The History of Orkney Literature
- 2010 edition
- Author: Simon W. Hall
- Cover artist: James Hutcheson, Wally Gilbert
- Language: English
- Subject: Scottish Literature
- Genre: Non-fiction
- Publisher: John Donald Publishers
- Publication date: 2010
- Publication place: Scotland
- Media type: Print paperback)
- Pages: 224
- ISBN: 978-1-906566-21-0

= The History of Orkney Literature =

2010 book by Simon W. Hall

The History of Orkney Literature is the first book by Scottish academic Simon W. Hall. The book was first published in May 2010 by Edinburgh-based publisher John Donald, an imprint of Birlinn Limited. It was joint winner of the 2010 Saltire Society First Book Award.

==Summary==
The book is the first examination and exploration of literary works from, or otherwise focused on, the islands of Orkney in Scotland. The published works of key Orcadian poets and novelists such as George Mackay Brown and Edwin Muir are prominently assessed.
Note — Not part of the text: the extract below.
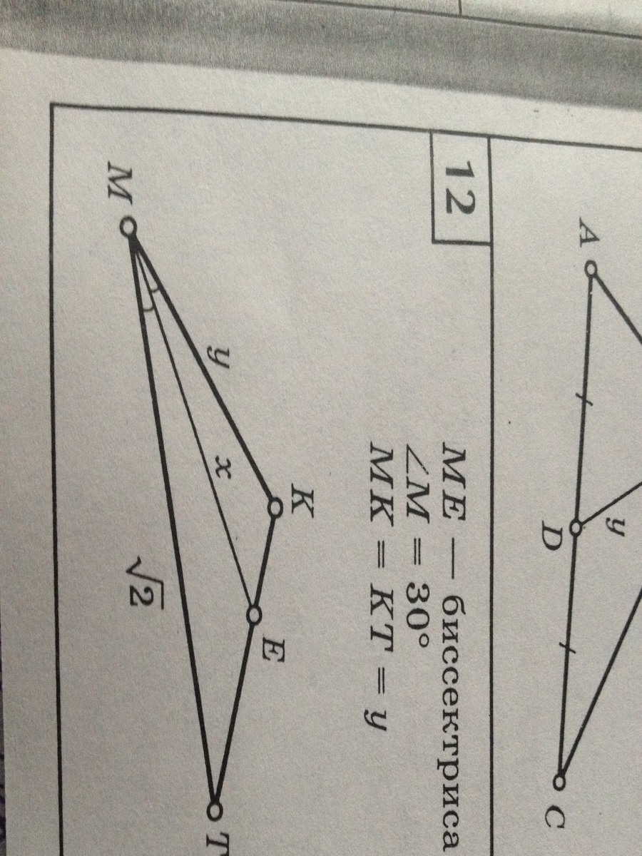 т.к. ME биссектриса,∠KME=15°,∠KEM=180-120-15=45°
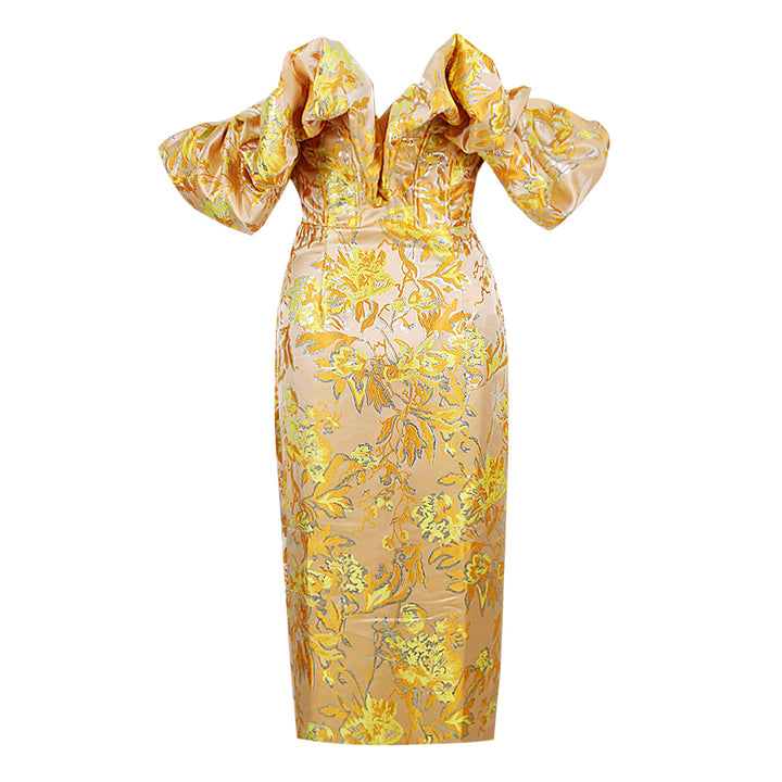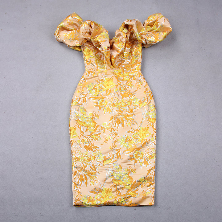 Off Shoulder Pleated Midi Backless Bodycon Dress

Hall also evaluates the myriad influences on the development of literature in Orkney, exploring the role of the archipelago's Nordic roots and its historical reliance on fishing, farming and foreign trade.

==Critical reception==
The book received a highly favourable reception from critics. The Scotsman said: "Hall is assiduous in considering Orkney's literature from its imposing and varied angles", and that the "Orkney literary tapestry" has "a lot to recommend it to the common reader". The International Journal of Scottish Literature praised what it perceived as a "prime example of literary history", noting that it will be seen as "the authoritative guide to a specifically Orcadian mapping of universal humanity".

For Orkney Today, the book is: "A treasure trove of suggestion and inspiration for further reading, study and writing". The book was named joint winner of the Saltire Society First Book Award 2010.